-- RECORDED DATA --
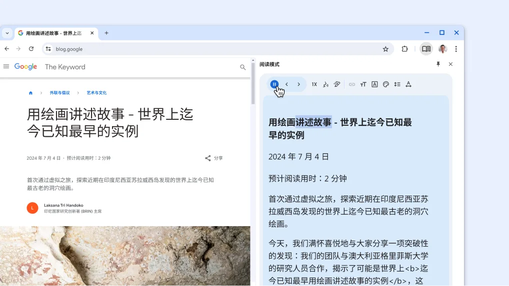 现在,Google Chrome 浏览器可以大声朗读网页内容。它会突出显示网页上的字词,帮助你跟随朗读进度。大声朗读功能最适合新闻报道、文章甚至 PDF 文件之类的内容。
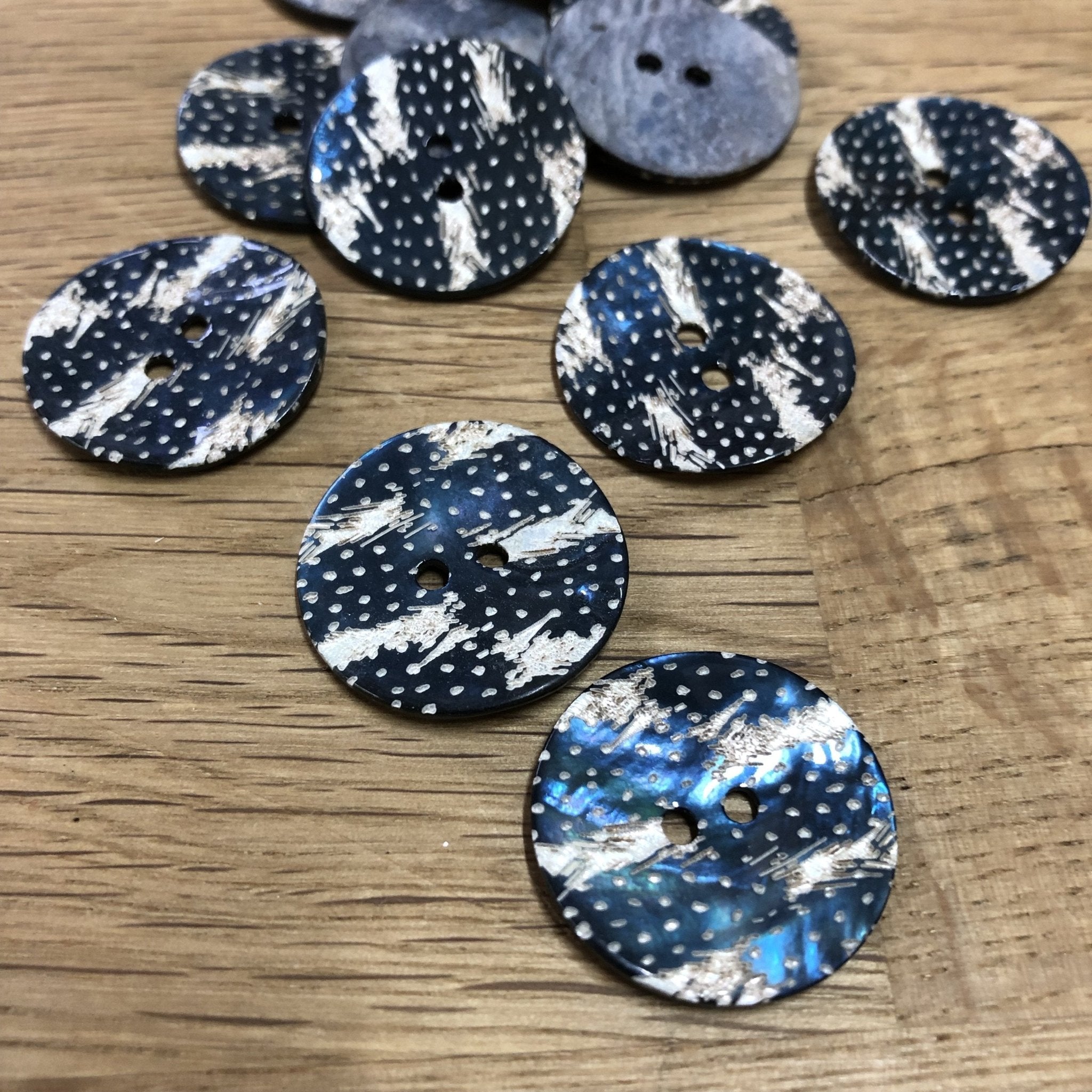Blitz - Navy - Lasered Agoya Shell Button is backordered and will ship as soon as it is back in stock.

==

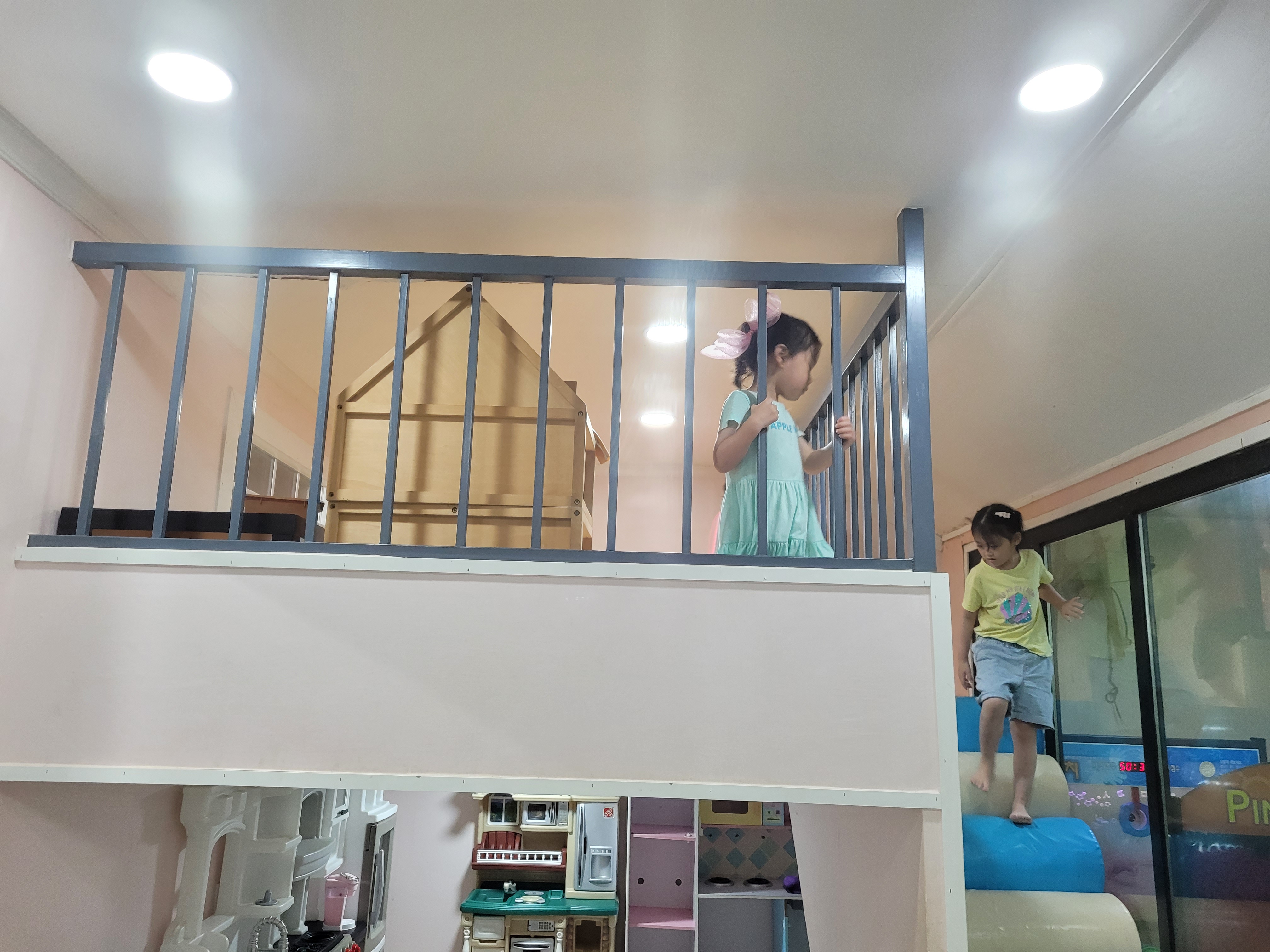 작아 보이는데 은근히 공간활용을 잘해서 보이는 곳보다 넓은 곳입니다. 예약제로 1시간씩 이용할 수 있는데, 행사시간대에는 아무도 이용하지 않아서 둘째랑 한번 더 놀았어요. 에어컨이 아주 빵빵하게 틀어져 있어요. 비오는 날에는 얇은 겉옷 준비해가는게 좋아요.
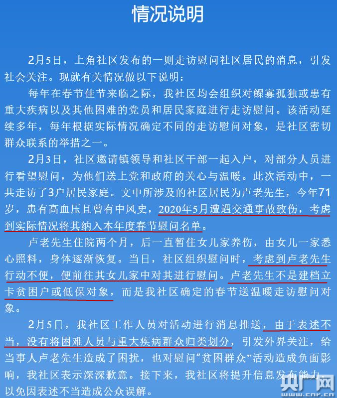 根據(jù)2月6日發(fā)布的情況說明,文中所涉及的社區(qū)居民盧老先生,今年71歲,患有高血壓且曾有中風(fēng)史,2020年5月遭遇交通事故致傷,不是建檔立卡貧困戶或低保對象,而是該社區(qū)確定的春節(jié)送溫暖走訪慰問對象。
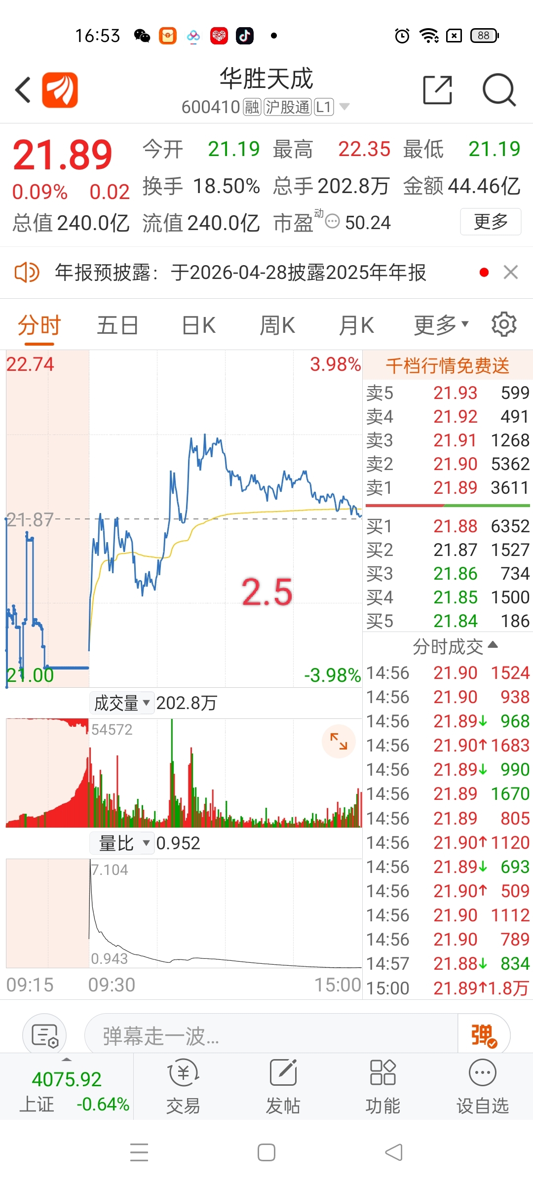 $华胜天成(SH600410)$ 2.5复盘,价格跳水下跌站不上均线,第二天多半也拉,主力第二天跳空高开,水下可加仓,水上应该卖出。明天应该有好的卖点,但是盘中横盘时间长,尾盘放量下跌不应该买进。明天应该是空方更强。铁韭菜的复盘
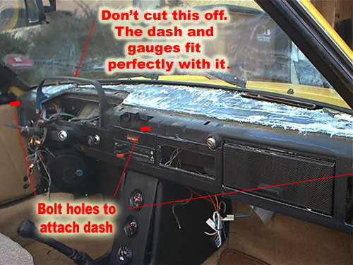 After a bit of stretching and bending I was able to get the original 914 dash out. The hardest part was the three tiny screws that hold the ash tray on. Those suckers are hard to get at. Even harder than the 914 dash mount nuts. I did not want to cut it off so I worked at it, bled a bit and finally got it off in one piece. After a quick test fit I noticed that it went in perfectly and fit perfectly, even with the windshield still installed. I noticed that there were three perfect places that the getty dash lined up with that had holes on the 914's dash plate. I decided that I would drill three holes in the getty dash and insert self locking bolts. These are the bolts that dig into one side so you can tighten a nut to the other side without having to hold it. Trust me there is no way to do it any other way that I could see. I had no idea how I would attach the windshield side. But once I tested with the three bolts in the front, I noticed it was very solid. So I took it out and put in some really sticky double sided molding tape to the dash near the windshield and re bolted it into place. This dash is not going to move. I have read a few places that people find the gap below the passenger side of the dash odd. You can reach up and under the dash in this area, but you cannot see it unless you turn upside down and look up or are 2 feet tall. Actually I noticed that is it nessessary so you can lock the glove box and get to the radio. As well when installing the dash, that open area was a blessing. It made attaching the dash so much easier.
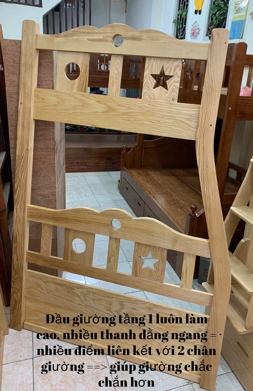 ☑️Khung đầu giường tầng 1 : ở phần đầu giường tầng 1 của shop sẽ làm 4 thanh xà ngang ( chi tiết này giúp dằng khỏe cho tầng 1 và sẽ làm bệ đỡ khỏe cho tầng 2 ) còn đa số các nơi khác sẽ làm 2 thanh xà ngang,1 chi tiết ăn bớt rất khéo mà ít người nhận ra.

-- WORK TASK --
In the listing above, find the line with "After a bit" and the line with "người nhận ra.". Copy both of them and every line between, exactly, but not the pictures.

-- OUTPUT OF THE TASK --
 After a bit of stretching and bending I was able to get the original 914 dash out. The hardest part was the three tiny screws that hold the ash tray on. Those suckers are hard to get at. Even harder than the 914 dash mount nuts. I did not want to cut it off so I worked at it, bled a bit and finally got it off in one piece. After a quick test fit I noticed that it went in perfectly and fit perfectly, even with the windshield still installed. I noticed that there were three perfect places that the getty dash lined up with that had holes on the 914's dash plate. I decided that I would drill three holes in the getty dash and insert self locking bolts. These are the bolts that dig into one side so you can tighten a nut to the other side without having to hold it. Trust me there is no way to do it any other way that I could see. I had no idea how I would attach the windshield side. But once I tested with the three bolts in the front, I noticed it was very solid. So I took it out and put in some really sticky double sided molding tape to the dash near the windshield and re bolted it into place. This dash is not going to move. I have read a few places that people find the gap below the passenger side of the dash odd. You can reach up and under the dash in this area, but you cannot see it unless you turn upside down and look up or are 2 feet tall. Actually I noticed that is it nessessary so you can lock the glove box and get to the radio. As well when installing the dash, that open area was a blessing. It made attaching the dash so much easier.
 ☑️Khung đầu giường tầng 1 : ở phần đầu giường tầng 1 của shop sẽ làm 4 thanh xà ngang ( chi tiết này giúp dằng khỏe cho tầng 1 và sẽ làm bệ đỡ khỏe cho tầng 2 ) còn đa số các nơi khác sẽ làm 2 thanh xà ngang,1 chi tiết ăn bớt rất khéo mà ít người nhận ra.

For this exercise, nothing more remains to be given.